In the function `process_input` do some checks on the string:
- If it exceed 500 characters in length, throw a `ValueError` with the message 'input string is too long, keep responses within 500 characters'
- If the variable `user_input` is not a string, throw a `ValueError` with the message 'input string is too long, keep responses within 500 characters'
>Tip: use the function `isinstance()` to check a variable's type.

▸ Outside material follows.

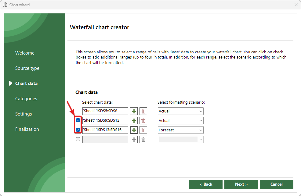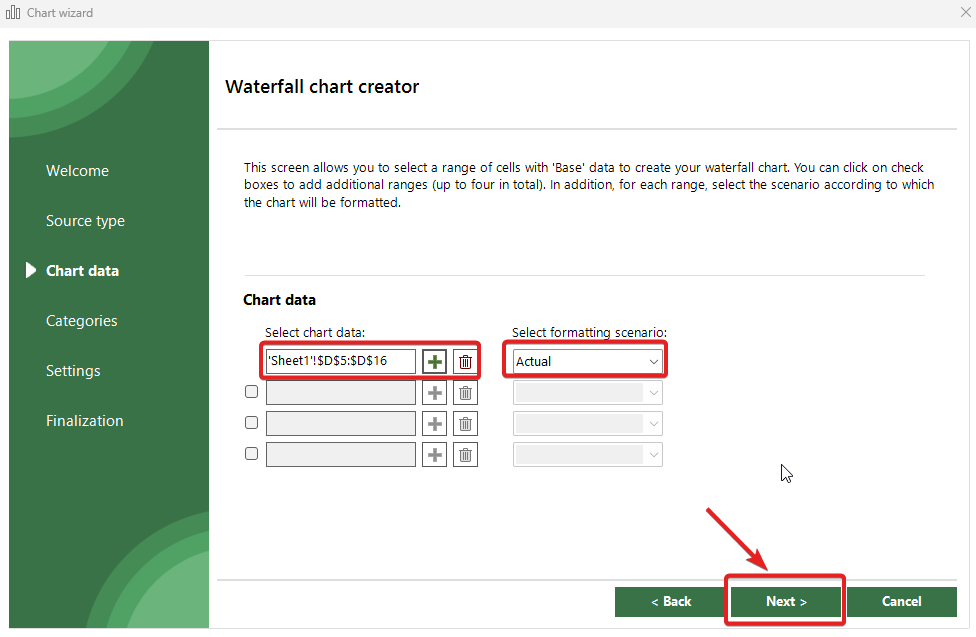 In addition, if you select multiple ranges then you can use them to plot multiple scenarios on the same chart right away, like Actuals and Forecast. But, for our current case, we will choose “Actual” and click “Next“

- Override the function `respond` from `ChatbotBase` and call the function `process_input` in a [Try-Except block](https://www.w3schools.com/python/python_try_except.asp), [catch the error](https://stackoverflow.com/a/4690655) and return the error message as a string as a response.

### Task C: Log chat history

1. Log the chat history between the user and the chatbot, any time the chatbot outputs a message in `respond` `greeting` or `farewell` append this string to a list called `self.chat_log`, make sure to prefix your string with 'ELIZA: ' before logging it.
2. In the function `respond` or `receive_input` (you will have to override these from ChatbotBase in ELIZA) or `process_input`, append the response from the user to the list `self.chat_log`, make sure to prefix your string with 'User: ' before logging it.
3. Create a [destructor](https://www.geeksforgeeks.org/destructors-in-python/) for your `ELIZA` class with the function `__del__`. In this function save the chat-log to a text file, where each string in the list self.chat_log is output to a new line.
> Tip: Check [this stackoverflow thread](https://stackoverflow.com/questions/33686747/save-a-list-to-a-txt-file) for how to print a list to a text file.
4. Use the code example from [Week-4-Classes.ipynb](Week-4-Classes.ipynb) to name this file with the date and time of the session.